Alışkanlıklar, arka planda çalışmakta olan ve hayatımızı idame ettirebilmemiz için gerekli güç kaynağını oluşturan algoritmalardır. İyi alışkanlıklar geliştirmemiz hedeflerimize çok daha etkin ve verimli bir yoldan ulaşmamıza yardımcı olur. Kötü alışkanlıklar ise başarı ihtimalini tümden yok eder. Anlayacağınız, alışkanlıklarımız otomatik davranışlarımız üzerinde bir hayli güçlü bir etki bırakırlar.
Bundan olacak ki herhangi bir konuda başarılı olmanın ilk adımı “ilhamı ya da parlak fikirlere yönelik inancı” devre dışı bırakmaktır.

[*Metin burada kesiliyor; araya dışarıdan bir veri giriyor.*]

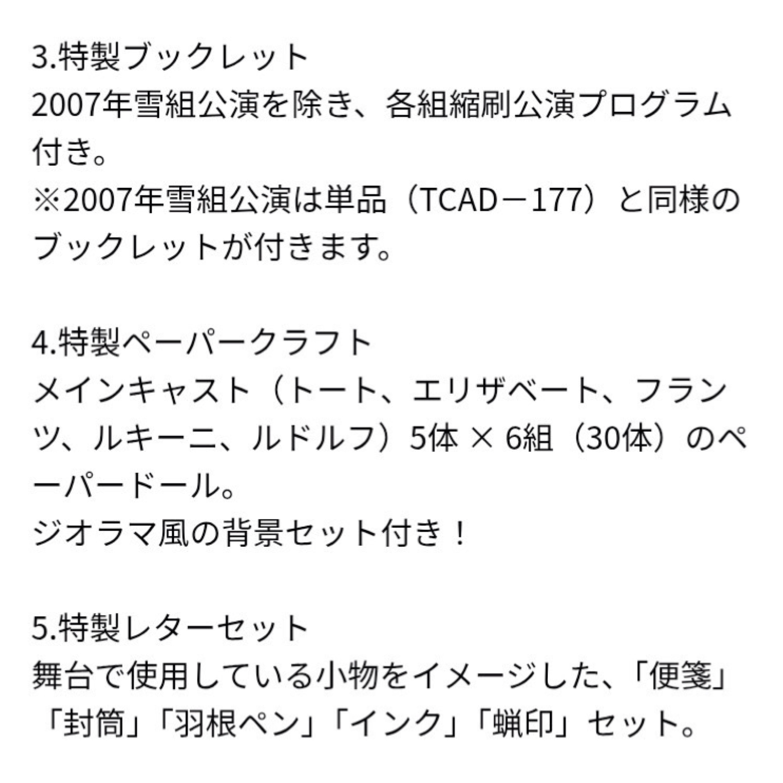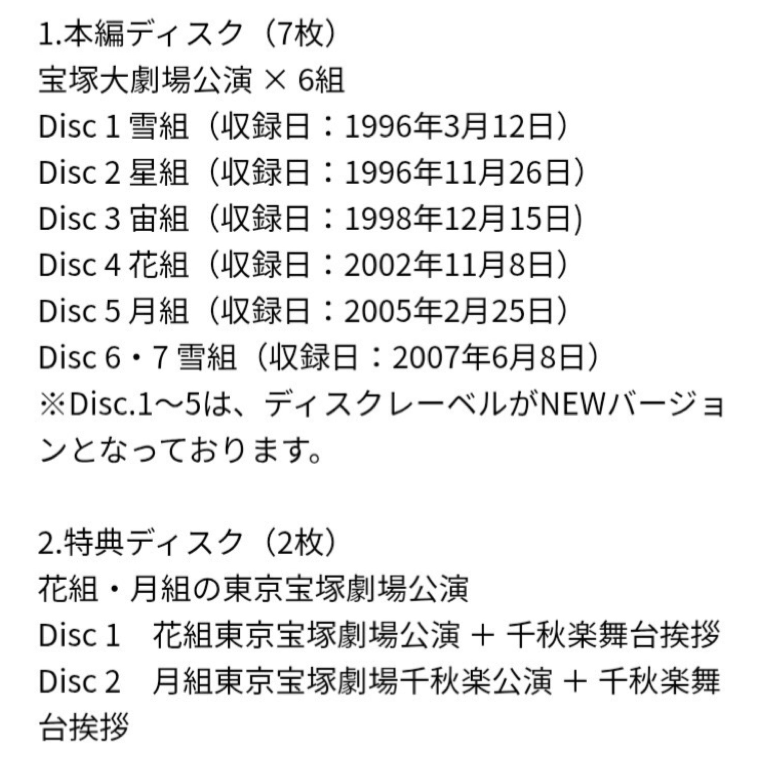 初演96年雪組公演から、96年星組・98年宙組・02年花組・05年月組・07年雪組公演のフル収録DVDがセットになった豪華版!
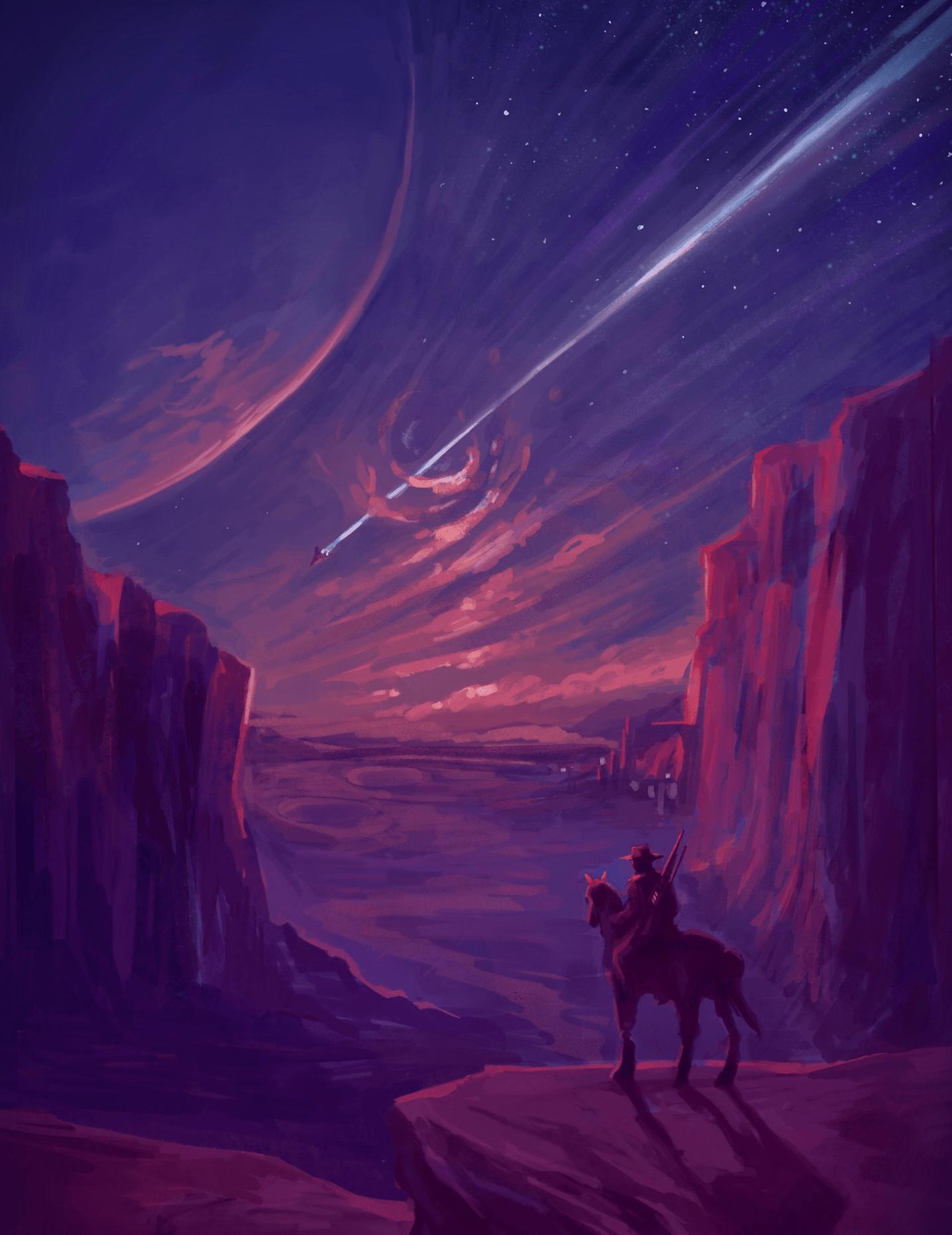 CB: When I first got this prompt, I thought this west theme needed a little bit more of the weird, so I decided that “space western” could be the twist. A lot of this month’s articles were about loneliness and existentialism which happened to fit the space stuff really well, I think. Ultimately though, what was prob ably most influential was that I am a sucker for sci-fi and space themes, so sue me.
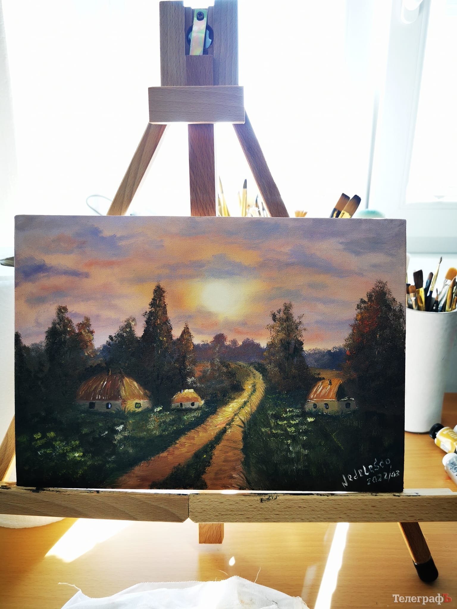 На першому полотні вона написала весняну Чехію. Друга картина стала тим, що відображала її душа — полтавська старенька хатинка в променях сонця… Обидві картини виклала на своїй сторінці у Фейсбуці, а також в тематичній групі, яка об’єднувала українських біженців, з пропозицією купити за будь-які гроші.
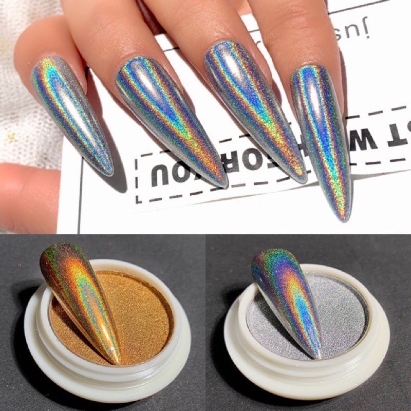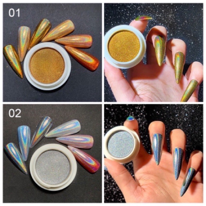 nhũ trắng gương cầu vồng 2 màu vàng bạc
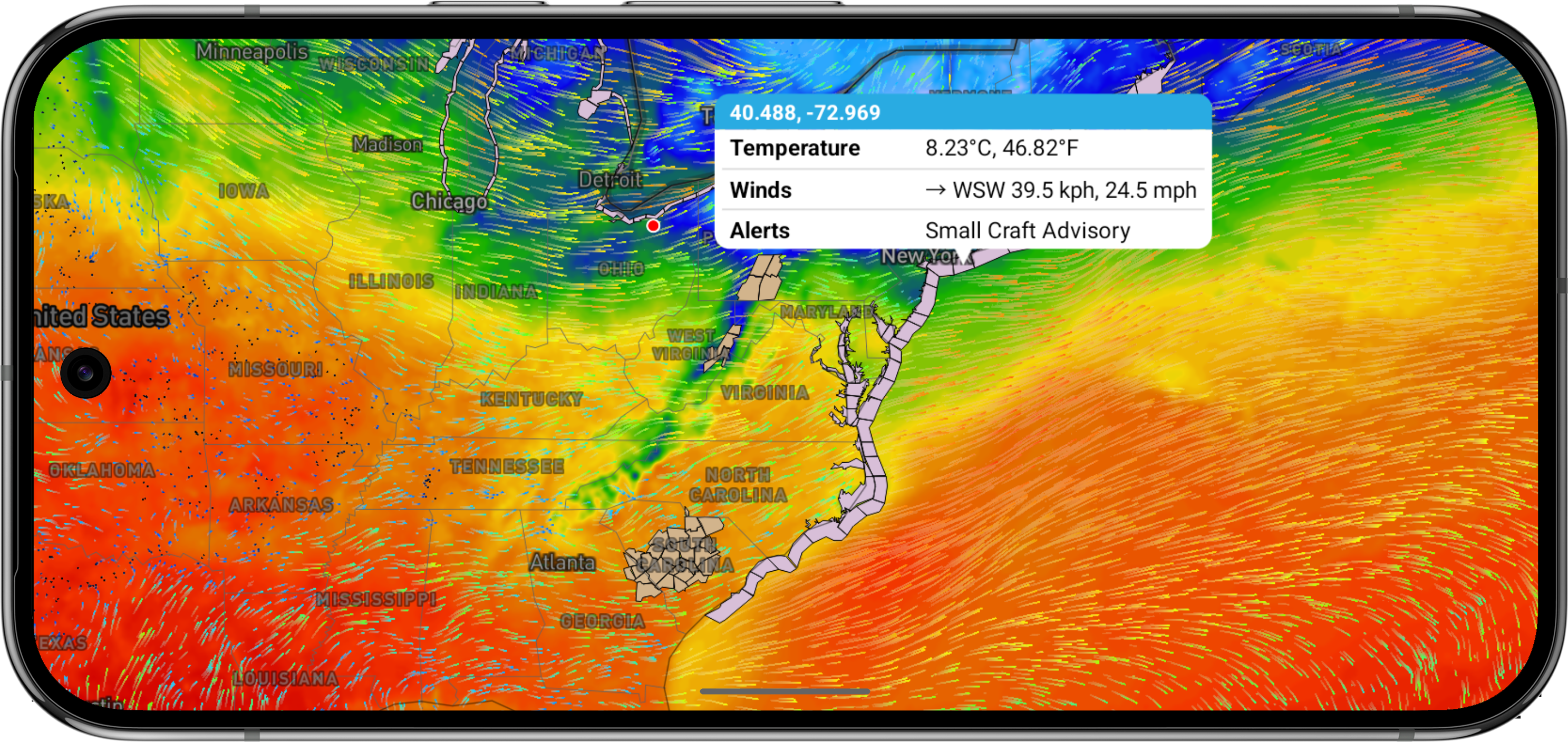 mapController.addWeatherLayer(tempsConfig)Note that for the temperatures layer, the resulting value is a simple float value stored on the value key of the feature's properties. However, some layers consist of multiple values, like those related to winds and other vector data. For these layers, the feature's properties will contain values for both value and angle keys:
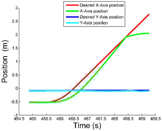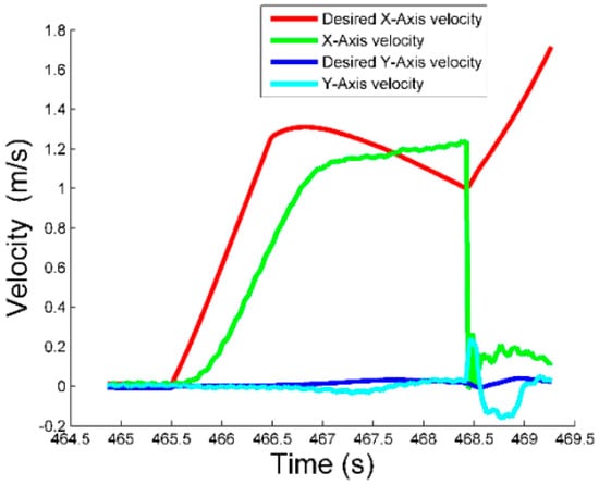 As shown in Figure 30 and Figure 31, the robot took off from position (−0.5, 0), moved toward the target point with a target velocity of 1.2 m/s, and finally stopped at position (2, 0) by approach adsorption. At this point, the velocity jumped to 0 m/s, producing an acceleration greater than 60 m/s2, as shown in Figure 32.
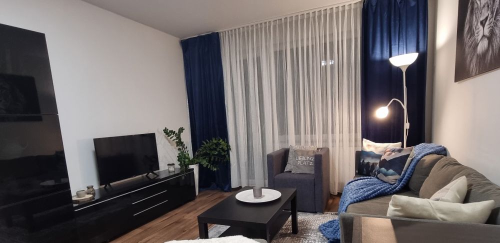 Willkommen in diesem frisch renovierten und modern eingerichteten 2-Zimmer-Apartment (48 m²) in der Tennenloher Straße. Die Wohnung bietet ein separates Schlafzimmer mit komfortablem Doppelbett (bei Bedarf plus Babybett) und großem Schiebetürenschrank sowie ein helles, geräumiges Wohnzimmer mit ausziehbarem Schlafsofa (160 cm), Arbeitsplatz mit elektrisch höhenverstellbarem Tisch, Essecke für 4 Personen, ideal für 2 Erwachsene, 2 Kinder und ein Baby.

Zira alışkanlıklar bunlardan çok daha güvenilir bir gelecek rotası çizer ve eyleme geçmede süreklilik sağlarlar.
Alışkanlık ile hedef birbirinden farklı şeylerdir. Bu ikili arasındaki fark semantik/anlamsal değildir. Temel ayrım her birinin farklı bir eylem tarzı gerektirmesidir. Örneğin:
- Yeni bir dil öğrenmek istediğinizi varsayalım. Altı ay içinde öğreneceğiniz bu yeni dilde akıcılık kazanmaya karar verir(hedef) ve her gün 30 dakika pratik yaparsınız (alışkanlık).
- Daha çok kitap okumak mı istiyorsunuz? Yıl sonuna kadar 50 adet kitap okumak gibi bir hedef belirler ve çantanızda her daim bir kitap bulundurmaya karar verirsiniz (alışkanlık).
- Ailenizle daha fazla zaman geçirmek mi istiyorsunuz? O halde onlarla haftada yedi saat geçirmek gibi bir plan yapabilir (hedef) ve her akşam yemeğinde bir arada olmak gibi bir alışkanlık geliştirebilirsiniz.
Hayata ve Başarıya İlişkin Sistematik Yaklaşım Geliştirmede Hedef Belirlemenin Rolü Nedir?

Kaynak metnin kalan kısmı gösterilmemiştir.